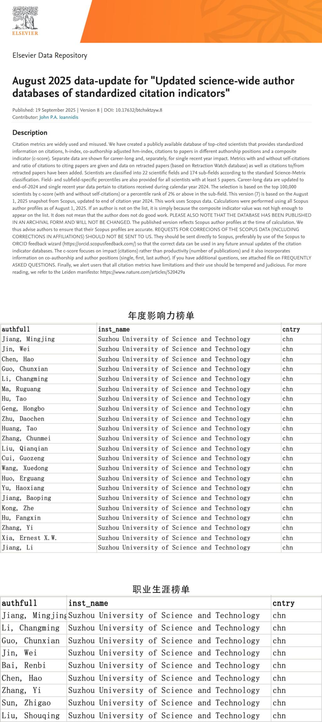 据悉,该榜单从全球约700万名科学家中遴选出世界Top2%的科学家,包括了22个学科领域和176个子学科领域,综合评估科学家长期科研表现及影响力,包括“职业生涯影响力排行榜”和“年度影响力排行榜”两个榜单。其中,“职业生涯影响力”关注科研人员整个学术生涯迄今的影响力,“年度影响力”则聚焦科研人员本年度的学术成就。
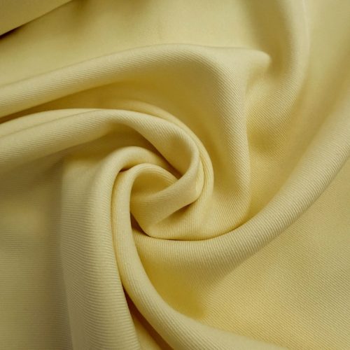A PASZTELL SÁRGA Latina (Light Barbie) anyag könnyű, lágy esésű és enyhén rugalmas ruházati textil, amely ideális nyári ruhákhoz és kényelmes viselethez.
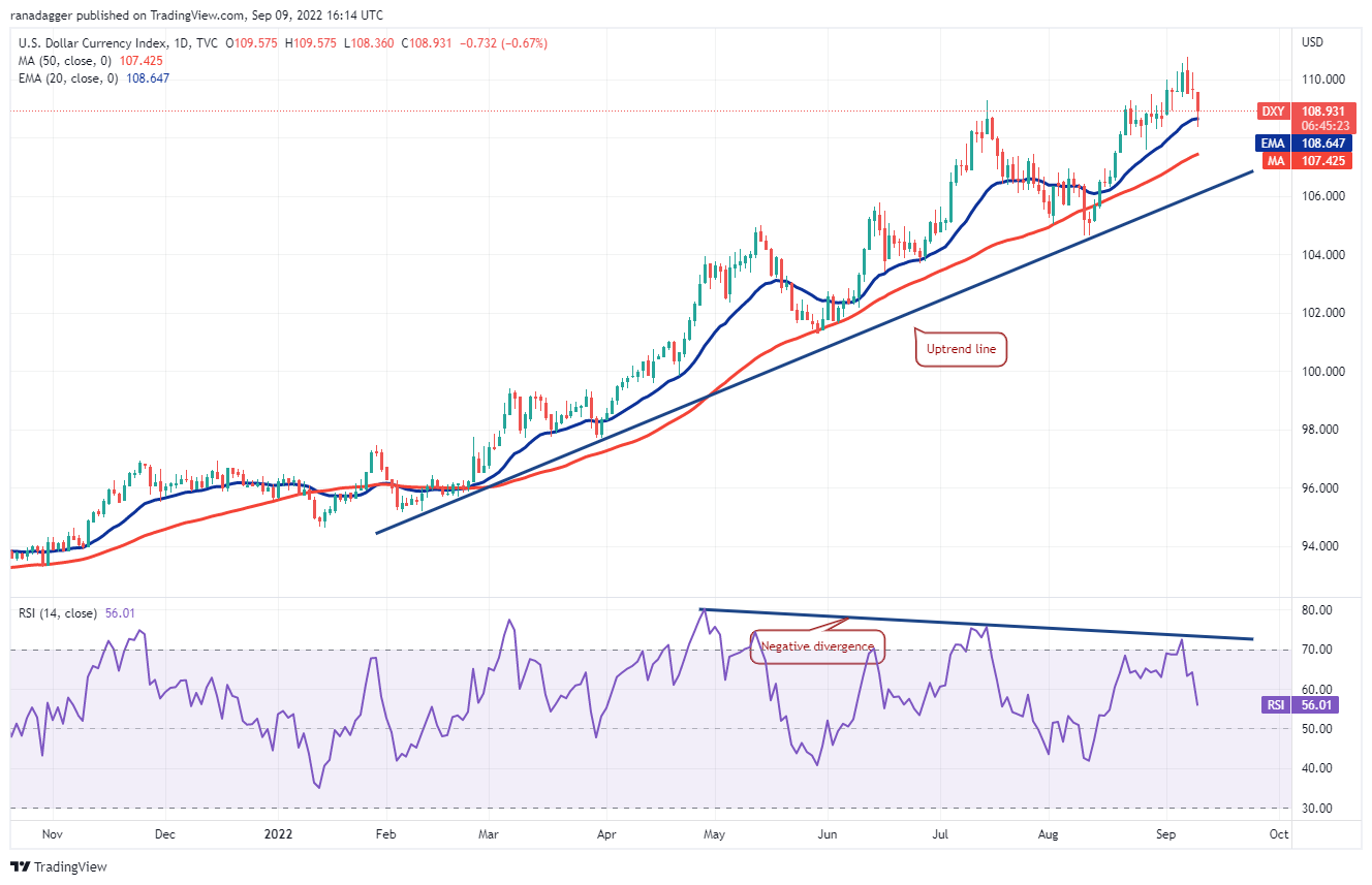 The U.S. dollar index (DXY) is correcting in a strong uptrend. After hitting a multi-year high at 110.78, the index has witnessed profit-booking which has pulled the price to the 20-day EMA ($108.64).

> **Instructions for the task**: Transcribe all of the data above exactly; no picture belongs in the copy.

> **Task answer**:
 据悉,该榜单从全球约700万名科学家中遴选出世界Top2%的科学家,包括了22个学科领域和176个子学科领域,综合评估科学家长期科研表现及影响力,包括“职业生涯影响力排行榜”和“年度影响力排行榜”两个榜单。其中,“职业生涯影响力”关注科研人员整个学术生涯迄今的影响力,“年度影响力”则聚焦科研人员本年度的学术成就。
A PASZTELL SÁRGA Latina (Light Barbie) anyag könnyű, lágy esésű és enyhén rugalmas ruházati textil, amely ideális nyári ruhákhoz és kényelmes viselethez.
 The U.S. dollar index (DXY) is correcting in a strong uptrend. After hitting a multi-year high at 110.78, the index has witnessed profit-booking which has pulled the price to the 20-day EMA ($108.64).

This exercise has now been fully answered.